Dataset records Block Start
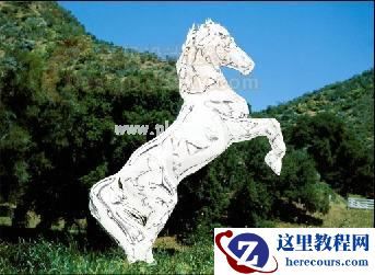 2、激活通道面板,复制一个比较清晰的通道,将其命名为Alpha 1通道,将马的外轮廓选择出来,如图03所示。
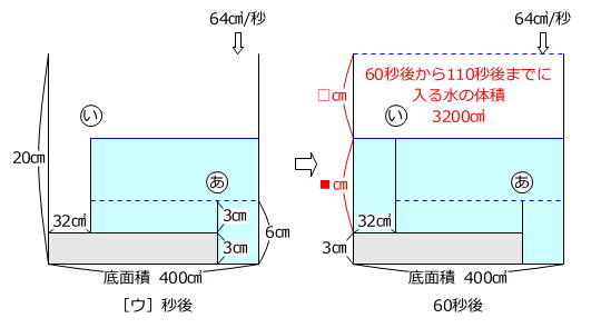 64㎤/秒×(110秒-60秒)=3200㎤ … 水の体積
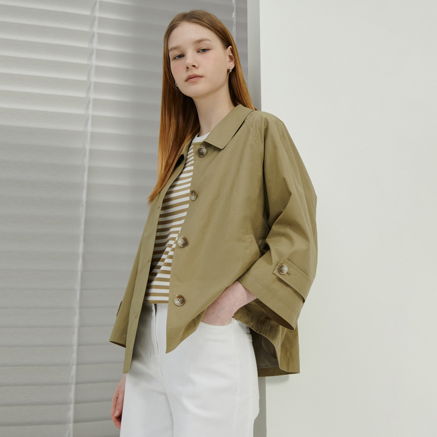 (더아이잗) 오버핏 래글런 숏 트렌치 재킷 IS4A0JK081
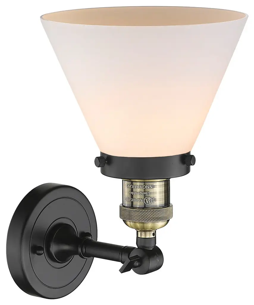 1-Light Large Cone 8" Sconce, Black Antique Brass, Glass: Matte White Cased
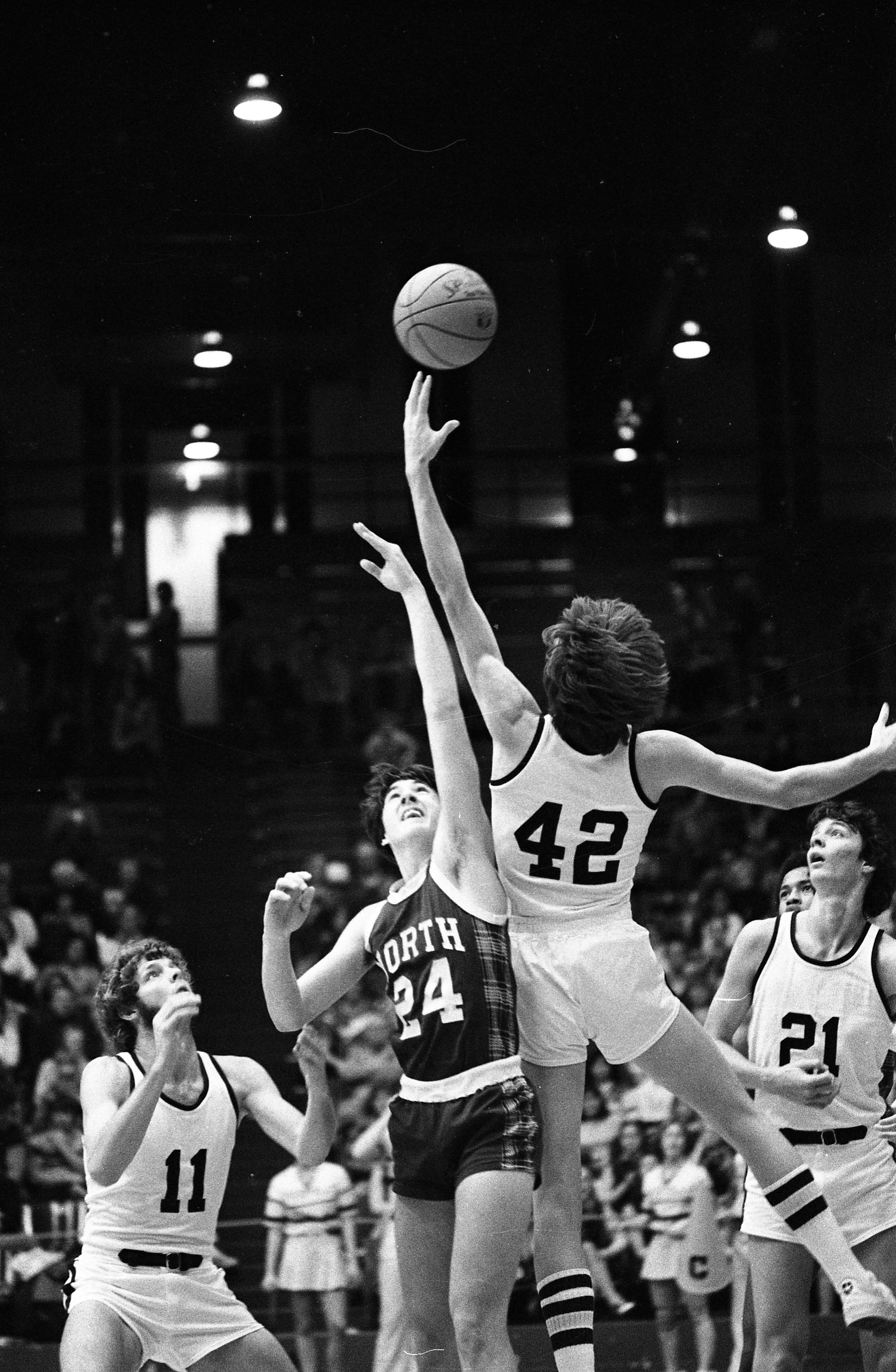 North High School (2319 Stringtown Rd.) basketball game, opponent unknown. North High School no longer occupies this location, although the school still exists. The Academy for Innovative Studies, a school for at-risk students, occupies this location now.
Dataset records Block End
**Exercise description:** I would like you to set down the lines above, from the one containing "1-Light Large Cone" to the final line, exactly as written and without pictures.

**Exercise output:**
 1-Light Large Cone 8" Sconce, Black Antique Brass, Glass: Matte White Cased
 North High School (2319 Stringtown Rd.) basketball game, opponent unknown. North High School no longer occupies this location, although the school still exists. The Academy for Innovative Studies, a school for at-risk students, occupies this location now.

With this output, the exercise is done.